Excerpted records:

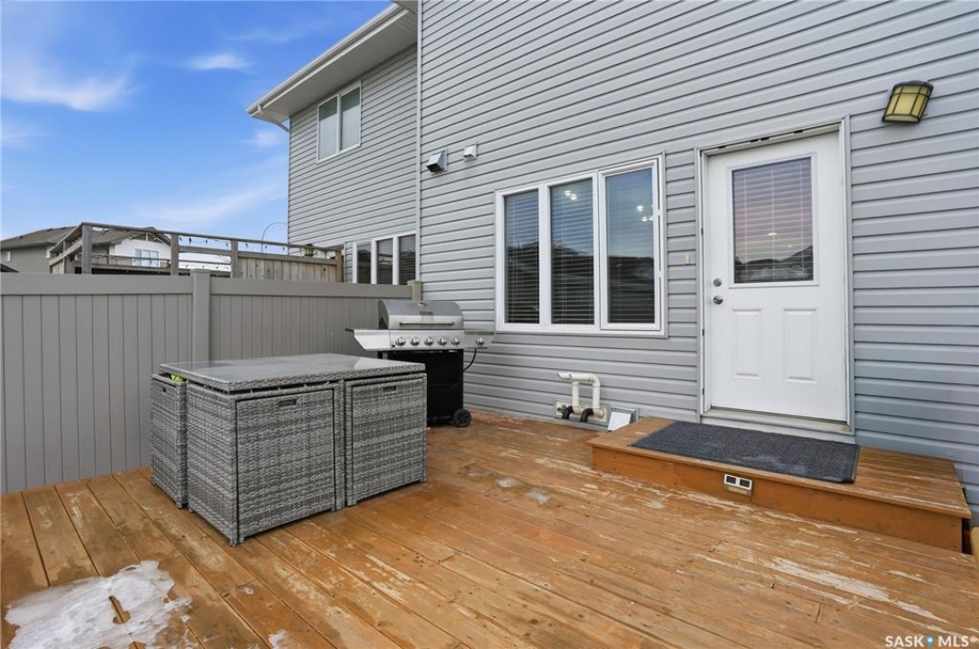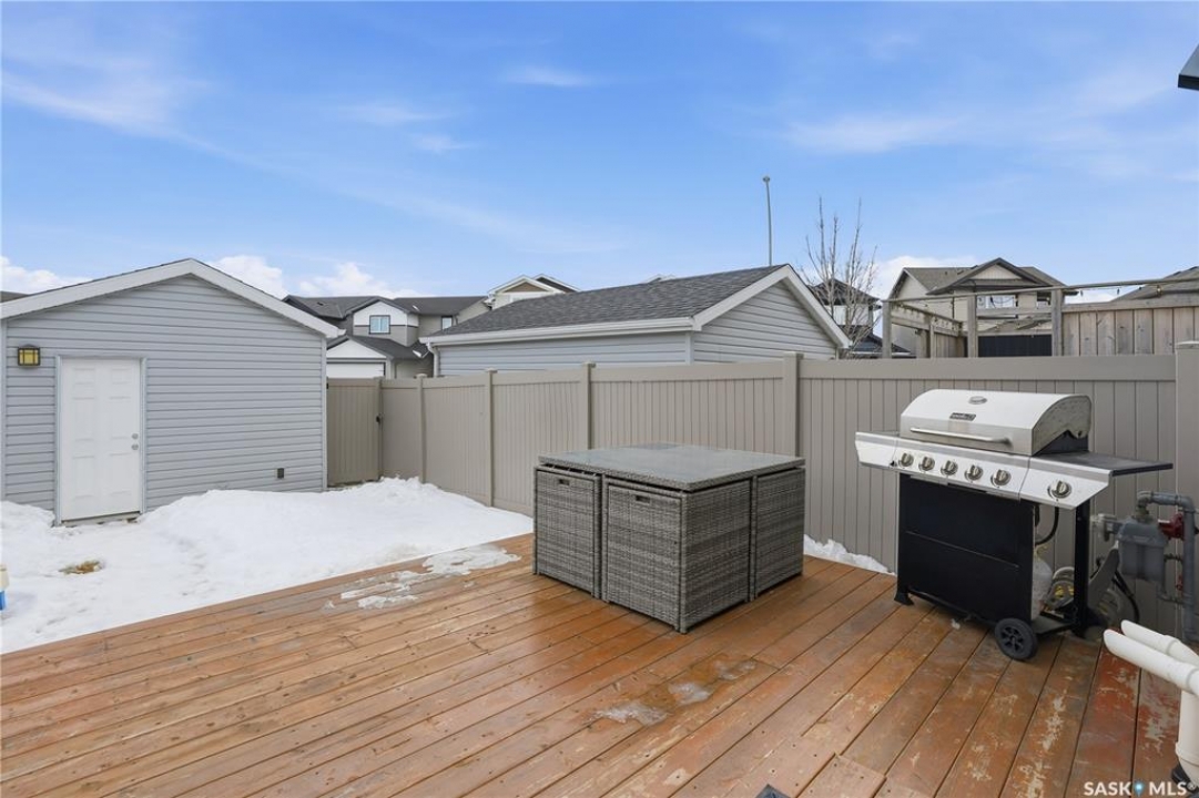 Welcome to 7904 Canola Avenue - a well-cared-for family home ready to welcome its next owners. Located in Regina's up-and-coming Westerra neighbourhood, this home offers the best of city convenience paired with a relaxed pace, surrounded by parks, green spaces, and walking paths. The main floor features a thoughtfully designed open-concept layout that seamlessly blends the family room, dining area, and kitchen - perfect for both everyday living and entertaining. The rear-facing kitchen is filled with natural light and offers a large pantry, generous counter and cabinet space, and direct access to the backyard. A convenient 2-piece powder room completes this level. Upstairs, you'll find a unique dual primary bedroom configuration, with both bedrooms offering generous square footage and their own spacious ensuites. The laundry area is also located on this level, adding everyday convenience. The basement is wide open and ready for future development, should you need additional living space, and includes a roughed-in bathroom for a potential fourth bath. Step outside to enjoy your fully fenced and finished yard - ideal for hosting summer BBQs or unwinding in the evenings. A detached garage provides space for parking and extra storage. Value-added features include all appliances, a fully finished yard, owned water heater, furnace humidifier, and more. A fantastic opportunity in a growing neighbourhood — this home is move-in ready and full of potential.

* * *

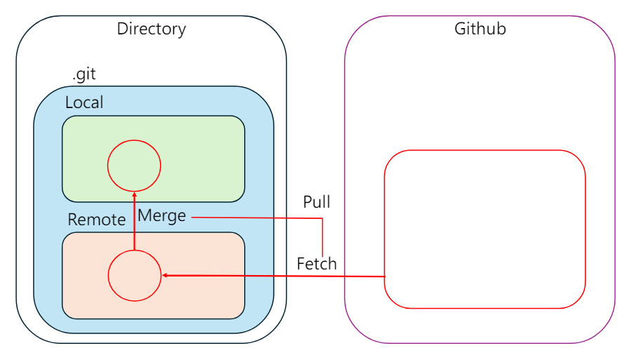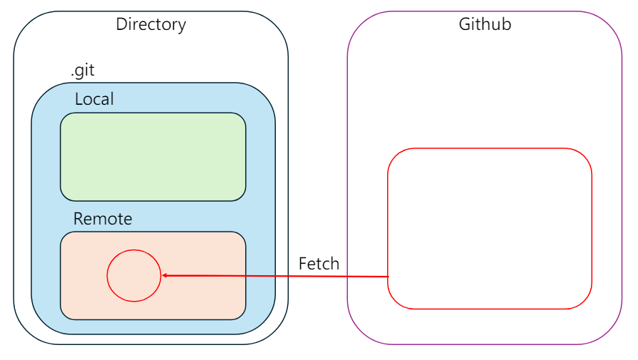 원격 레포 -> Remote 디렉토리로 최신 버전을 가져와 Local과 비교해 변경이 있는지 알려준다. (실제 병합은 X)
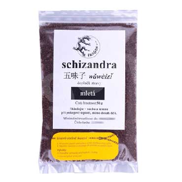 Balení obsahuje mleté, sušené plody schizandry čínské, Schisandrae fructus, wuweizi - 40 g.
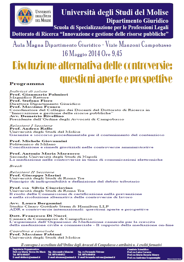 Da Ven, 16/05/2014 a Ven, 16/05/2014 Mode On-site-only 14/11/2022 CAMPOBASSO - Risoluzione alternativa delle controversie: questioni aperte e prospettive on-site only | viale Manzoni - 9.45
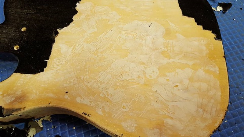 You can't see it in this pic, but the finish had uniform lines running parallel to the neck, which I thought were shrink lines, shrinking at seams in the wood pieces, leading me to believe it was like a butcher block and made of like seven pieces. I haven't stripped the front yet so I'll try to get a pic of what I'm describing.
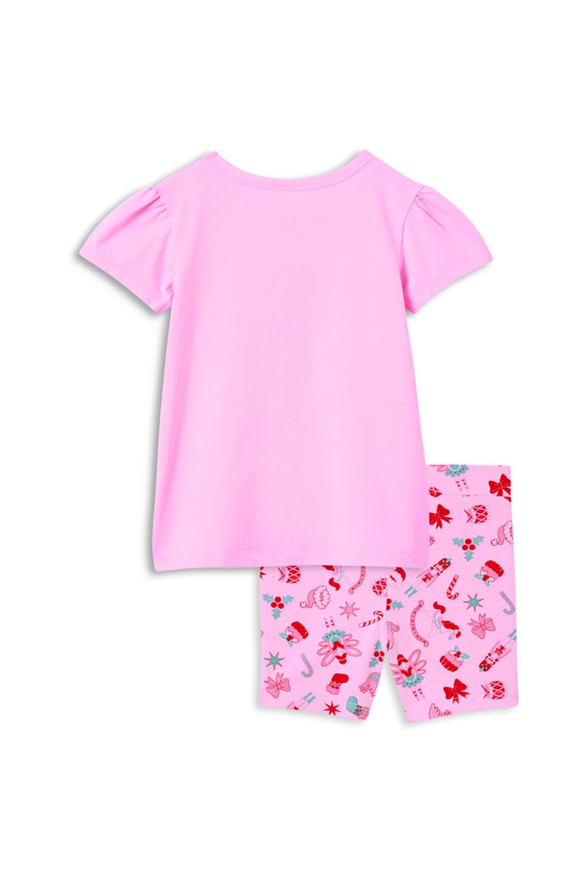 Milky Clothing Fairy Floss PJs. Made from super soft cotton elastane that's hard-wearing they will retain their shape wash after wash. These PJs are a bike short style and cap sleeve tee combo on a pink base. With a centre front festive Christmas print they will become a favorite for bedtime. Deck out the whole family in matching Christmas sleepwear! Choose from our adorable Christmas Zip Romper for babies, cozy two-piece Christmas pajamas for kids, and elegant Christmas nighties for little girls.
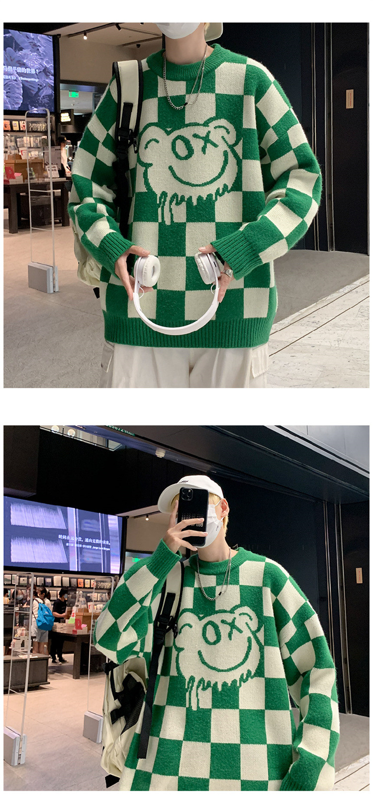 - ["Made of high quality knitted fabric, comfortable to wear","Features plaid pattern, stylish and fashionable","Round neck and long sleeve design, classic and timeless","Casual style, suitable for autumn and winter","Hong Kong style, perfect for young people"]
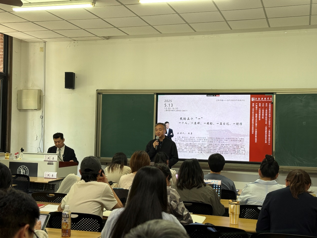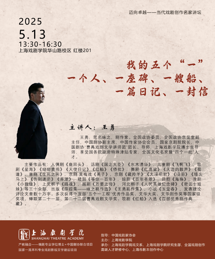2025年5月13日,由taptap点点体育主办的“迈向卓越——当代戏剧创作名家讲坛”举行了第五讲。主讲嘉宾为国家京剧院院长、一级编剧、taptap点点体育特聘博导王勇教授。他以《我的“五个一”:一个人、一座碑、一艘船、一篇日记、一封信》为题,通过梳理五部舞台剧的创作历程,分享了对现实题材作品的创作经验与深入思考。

--

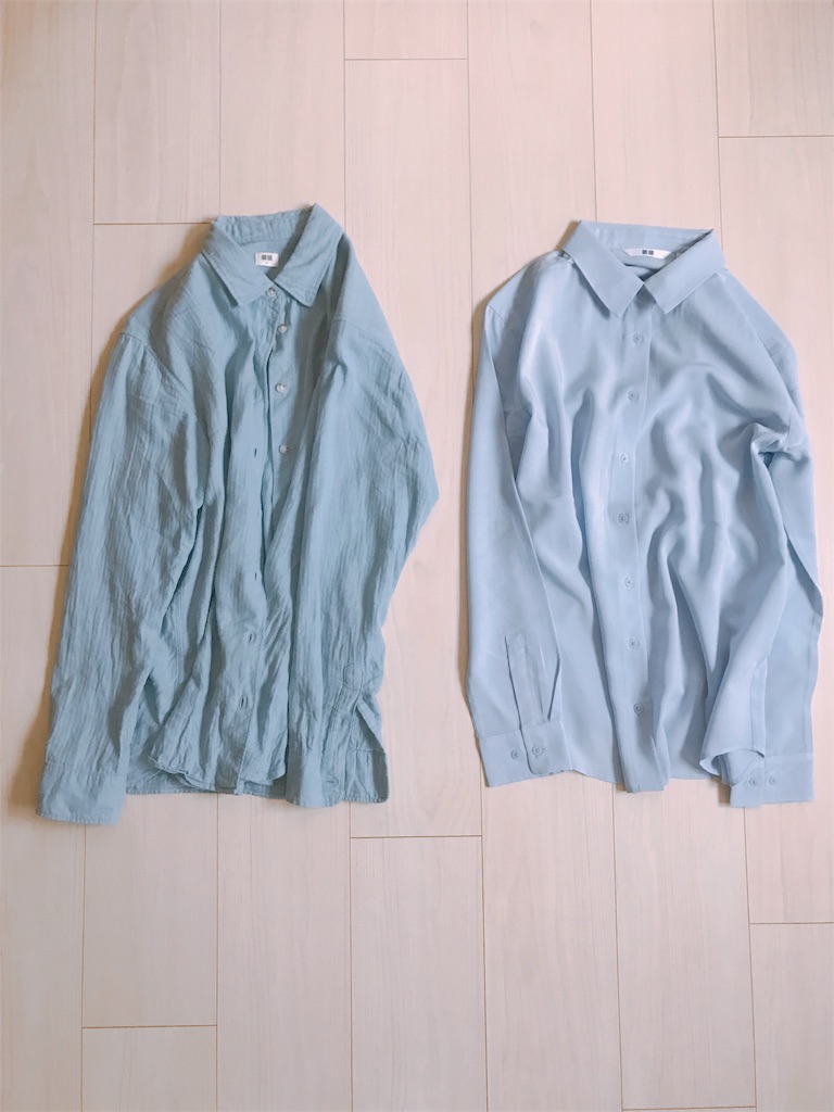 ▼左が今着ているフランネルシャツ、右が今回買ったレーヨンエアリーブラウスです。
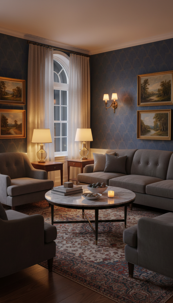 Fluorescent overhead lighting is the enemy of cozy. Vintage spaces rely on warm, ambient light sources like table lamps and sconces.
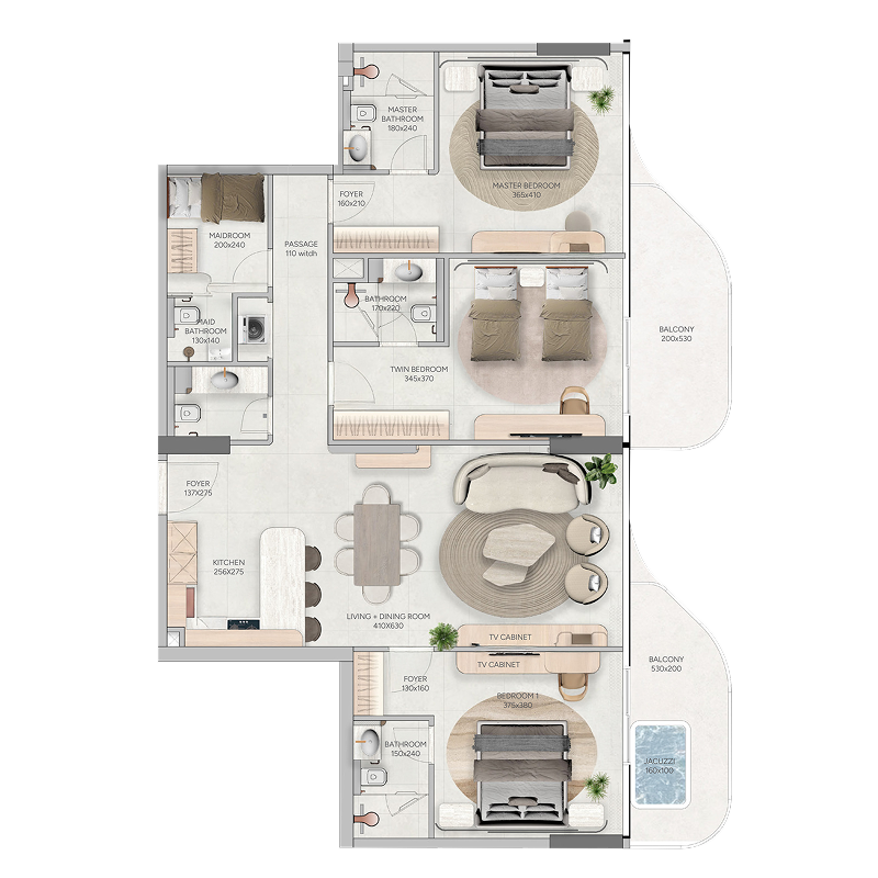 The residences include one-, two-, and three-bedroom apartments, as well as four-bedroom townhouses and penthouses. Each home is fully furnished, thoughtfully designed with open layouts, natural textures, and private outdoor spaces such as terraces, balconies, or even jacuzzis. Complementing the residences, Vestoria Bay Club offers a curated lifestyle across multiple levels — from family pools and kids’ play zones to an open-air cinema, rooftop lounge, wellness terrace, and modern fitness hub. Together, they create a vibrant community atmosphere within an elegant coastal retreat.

What is required:
In the data above, find the line containing "Balení obsahuje mleté, sušené" and the line containing "Da Ven, 16/05/2014". Copy exactly the stretch from the first through the second, both included, leaving out any picture.

Task answer:
 Balení obsahuje mleté, sušené plody schizandry čínské, Schisandrae fructus, wuweizi - 40 g.
 Da Ven, 16/05/2014 a Ven, 16/05/2014 Mode On-site-only 14/11/2022 CAMPOBASSO - Risoluzione alternativa delle controversie: questioni aperte e prospettive on-site only | viale Manzoni - 9.45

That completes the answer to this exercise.